La dispersion des graines de plantes peuvent également subir des conséquences, les espèces à grandes semences en particulier sont touchées par la disparition d’oiseaux et autres animaux responsables de la dispersion de leurs graines. La disparition de certaines sortes d’arbres peut avoir des conséquences importantes sur des processus de grande ampleur comme le cycle du carbone. “Les modifications observées sur les sortes d’arbres va, à long terme, modifier la quantité de carbone retenue par les arbres restants, tout comme les dégradations supplémentaires dues à la génétique des arbres à travers ce territoire fractionné,” affirme Jones. Actuellement, elle enquête sur les conséquences à long terme de la diminution de la dispersion des graines sur les écosystèmes de l’île de Balbina.
Toutes ces répercussions écologiques doivent être prises au sérieux, et surtout tant que les responsables du développement des barrages ne reconnaissent pas le réel potentiel de conservation des îles.

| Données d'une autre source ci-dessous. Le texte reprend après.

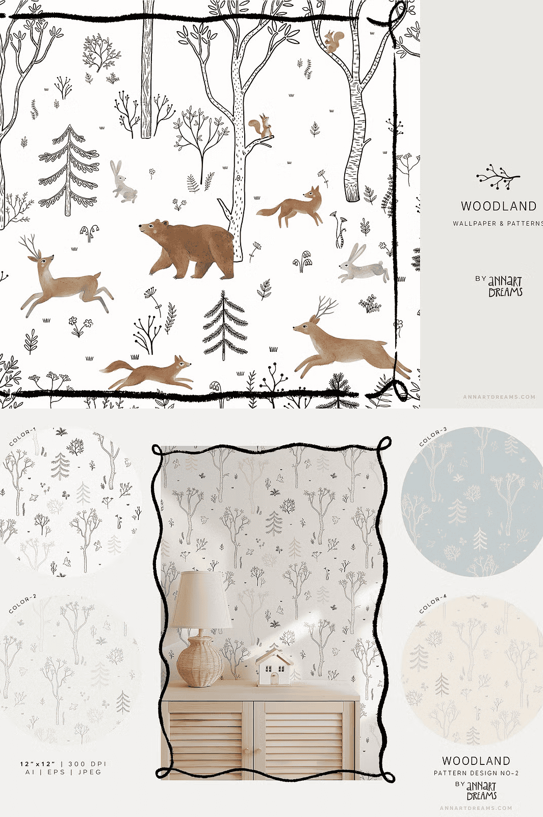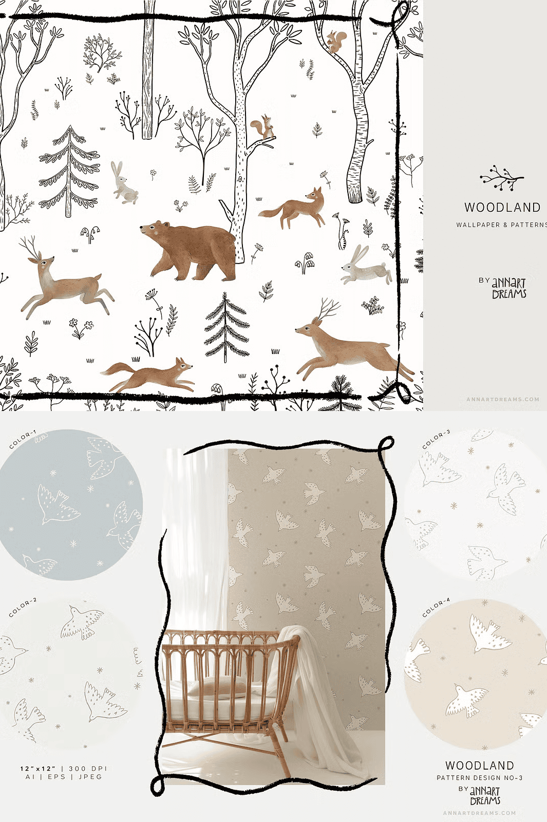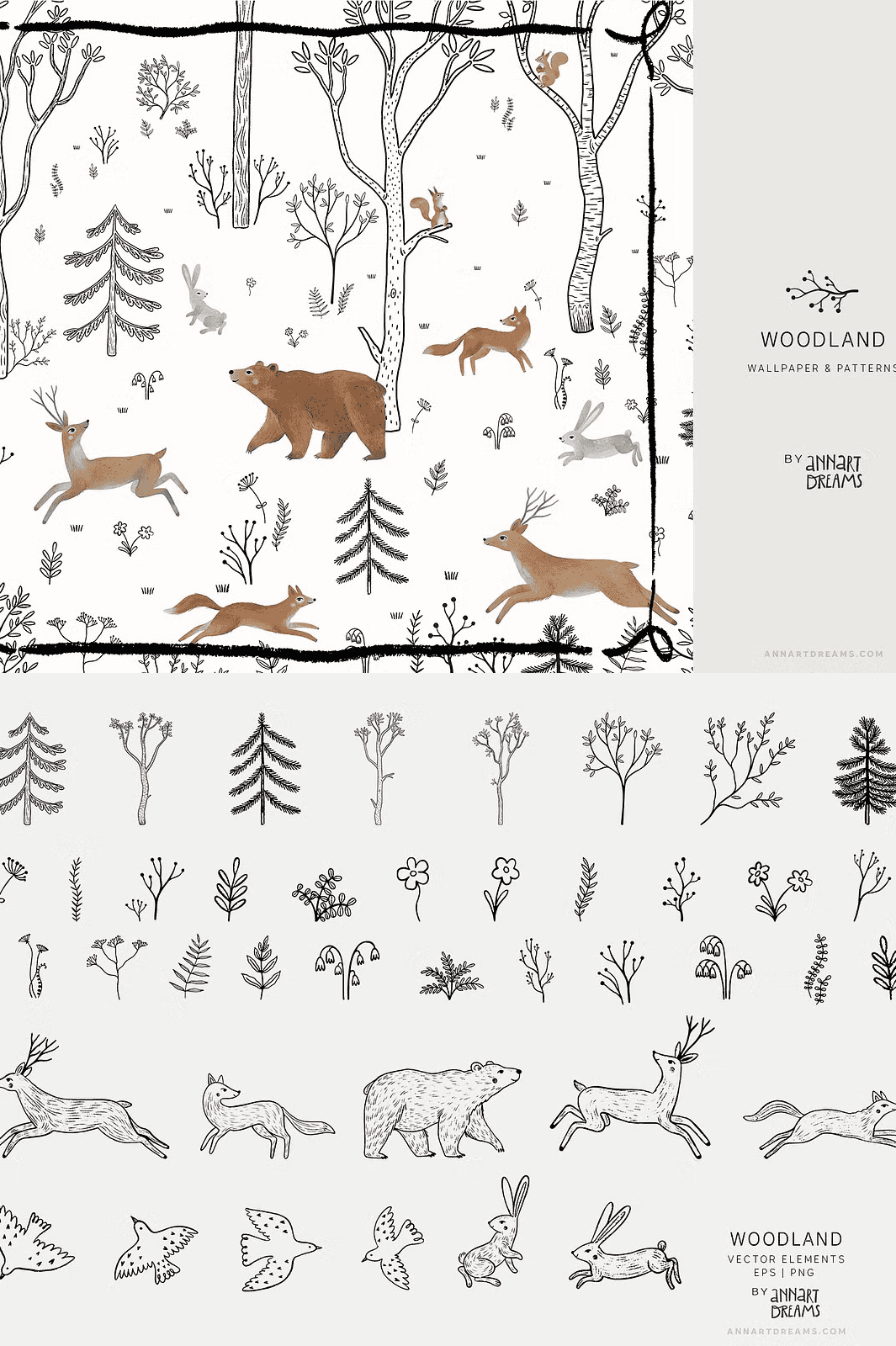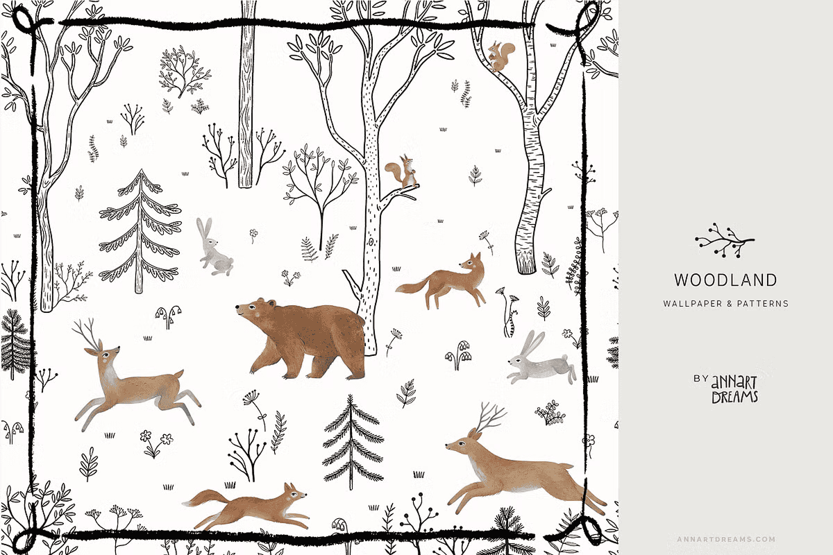 Step into a serene forest sanctuary with the **WOODLAND Wall Mural and Patterns Collection** – a meticulously crafted creative bundle that blends the raw elegance of black-and-white line art with the soft beauty of watercolor textures. This collection captures the quiet magic of nature through intricate compositions featuring forest dwellers like deer, bears, hares, squirrels, and foxes. Each piece is designed to inspire wonder and calm, making it the perfect choice for transforming children’s rooms, playspaces, or any interior with a natural, storytelling atmosphere.
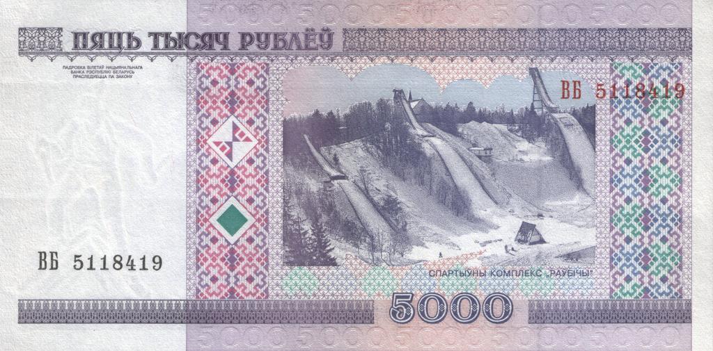 | Keywords: 5000-rubles-Belarus-2000-b.jpg 5000 ублей Бело уссии 2000 5000 roubles of Belarus 2000 own scan 2000 National Bank of Republic of Belarus ациональный банк Республики Бела усь ацыянальны Банк Рэспублiкi Бела усь PD-BY-exempt banknotes Banknotes of Belarus 2000 Sport Complex in Raŭbičy Banknotes with a face value of 5000 Purple banknotes Sports venues on banknotes |
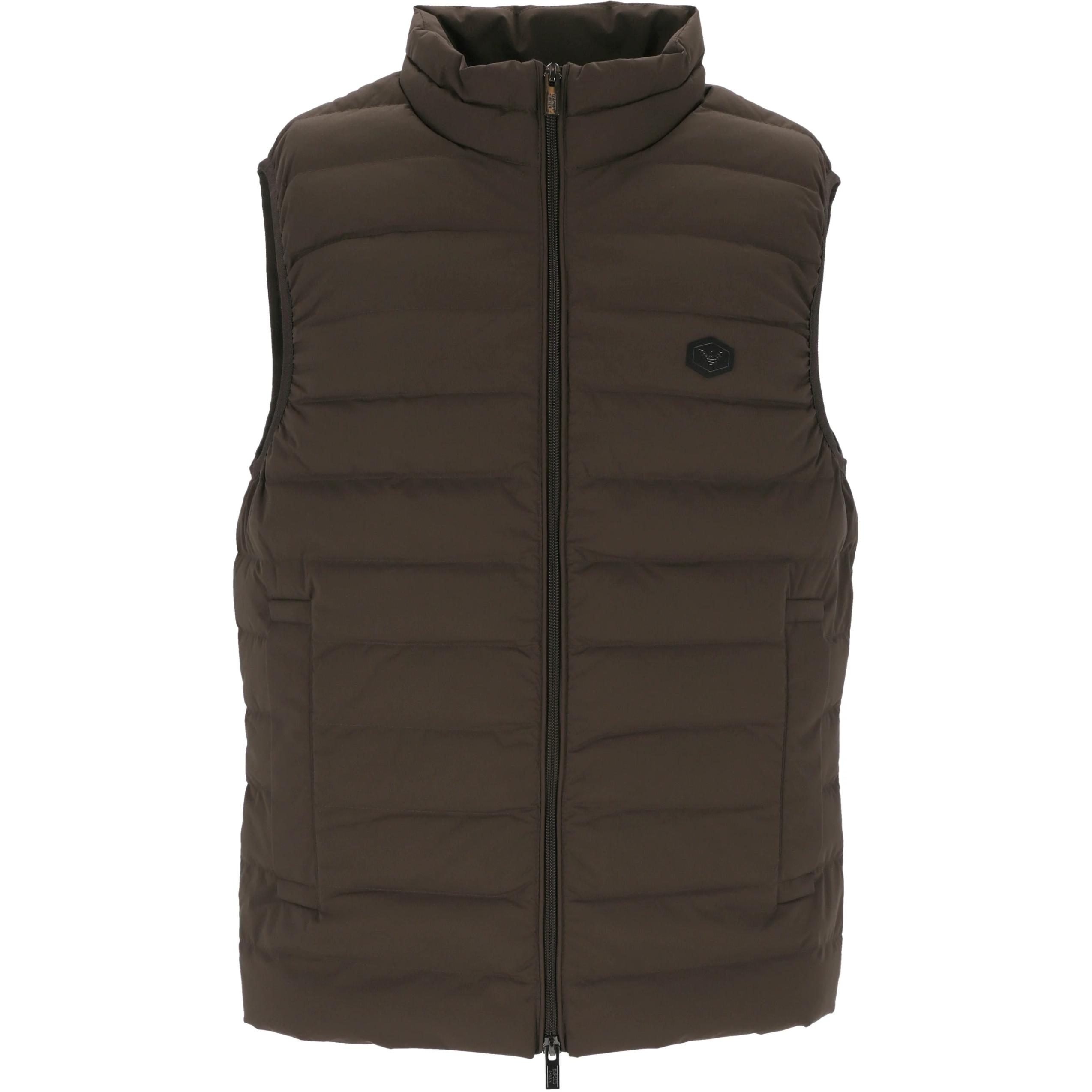 EMPORIO ARMANI Безрукавная куртка на молнии с утеплителем из пуха в стеганом нейлоне с нашивкой в виде орла, Olive Green
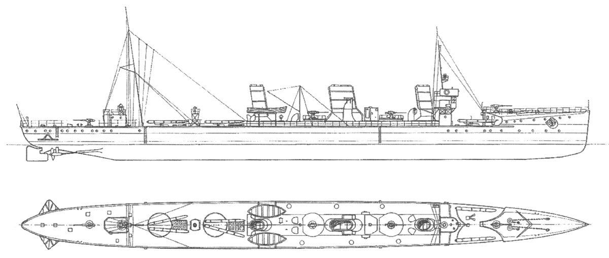 Вооружение: 4—102 мм орудия, 4 двухтрубных 450 мм ТА, мог принимать 50 мин. Экипаж – 117 человек.
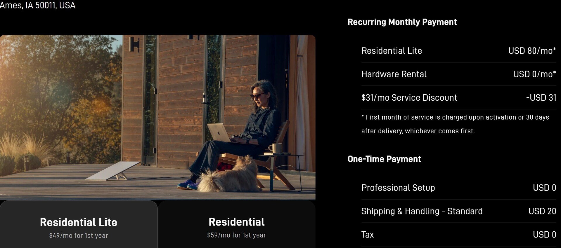 最重要的是,该州的 "住宅简易计划"(Residential Lite plan)进一步打折,每月仅需 49 美元,这使得星联公司成为爱荷华州农村地区潜在用户眼中最具竞争力的互联网服务提供商之一。此外,Starlink 还提供免费安装服务,即技术人员将上门安装天线,并在必要时测试卫星互联网连接。
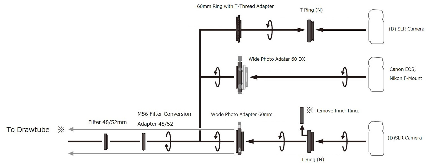 Závit M56 filtračného adaptéra sa naskrutkuje napríklad do Wide Photo Adapter AD 60DX a potom ponúka prispôsobenie na závity filtrov M52 a M48 pre rôzne hmlovinové filtre na fotografovanie. Adaptér je vybavený závitom 48 mm a 52 mm. Adaptačný krúžok možno použiť na široký fotografický adaptér 60DX, široký fotografický adaptér 60 mm, 60 mm krúžok s adaptérom s T-závitom alebo EA60 mm do 50,8 mm.
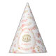 Blush pink and gold floral baby shower party hat for a girl baby shower. Fun and elegant accessory perfect for guests, photos, and celebration activities. 🌸🎀🎉
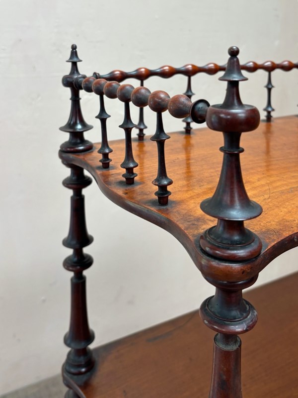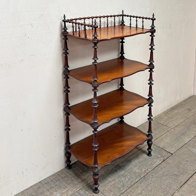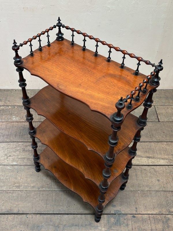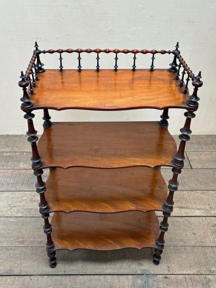 Lovely quality and condition 4 tier Victorian mahogany shelved stand, with super fine spindled top gallery.
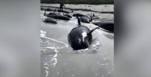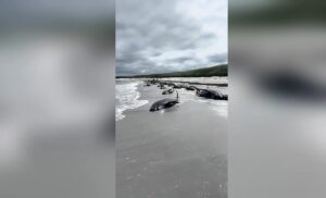 تداولت مواقع الإنترنت مقاطع فيديو تظهر جنوح أكثر من 70 حوتا من نوع الحيتان المجنحة الطويلة الزعانف إلى شواطئ إحدى الجزر قبالة الساحل الشمالي لاسكتلندا.
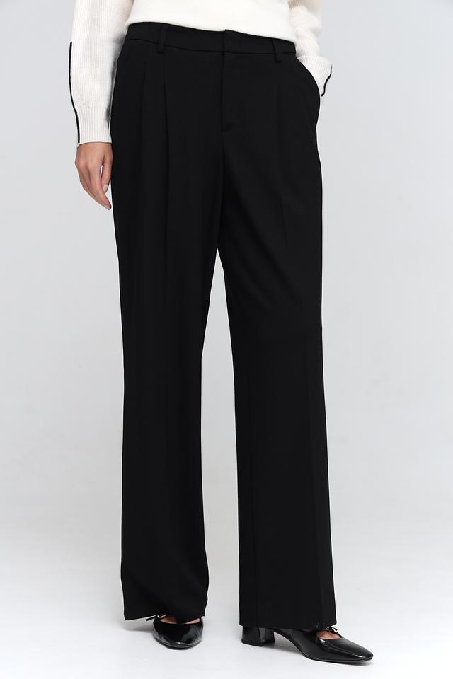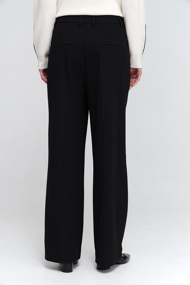 Брюки имеют прямой крой, который обеспечивает комфортную посадку и свободу движений. Заутюженные стрелки придают им строгий и лаконичный вид. Боковые карманы добавляют функциональности и практичности.
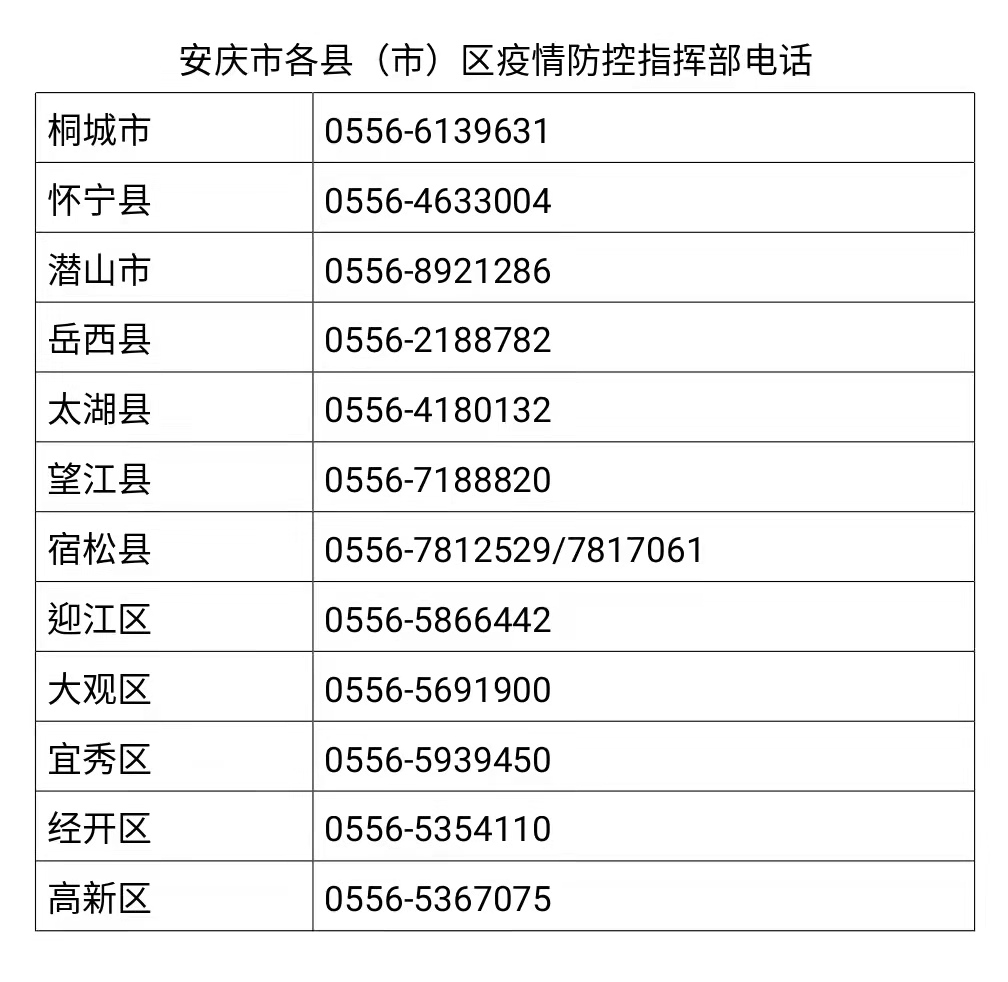 附:安慶市各縣(市)區疫情防控指揮部電話

“Les écosystèmes meurent sous des milliers de coups, les rivières meurent sous des milliers de barrages,” a déclaré Peter Bosshard d’International Rivers. “Les barrages désintègrent les écosystèmes, qu’il s’agisse d’îles, de réserves isolées ou de rivières tronquées. Les responsables doivent prendre ces conséquences en considération lorsqu’ils comparent de nouveaux projets hydroélectriques et des solutions en matière d’énergie solaire, éolienne et autres.”
Jones est d’accord avec cette idée: “Les responsables du développement des barrages doivent prendre conscience et admettre que les îles ne peuvent pas être utilisées à des fins de conservation, et que les licences d’exploitation des barrages doivent prendre en considération l’impact sur les espèces isolées sur les îles. Si on prête véritablement attention aux conséquences et qu’on établit les compensations appropriées pour la biodiversité, ces développements pourraient fonctionner, tant sur le plan des besoins en énergie que sur le plan de la biodiversité.”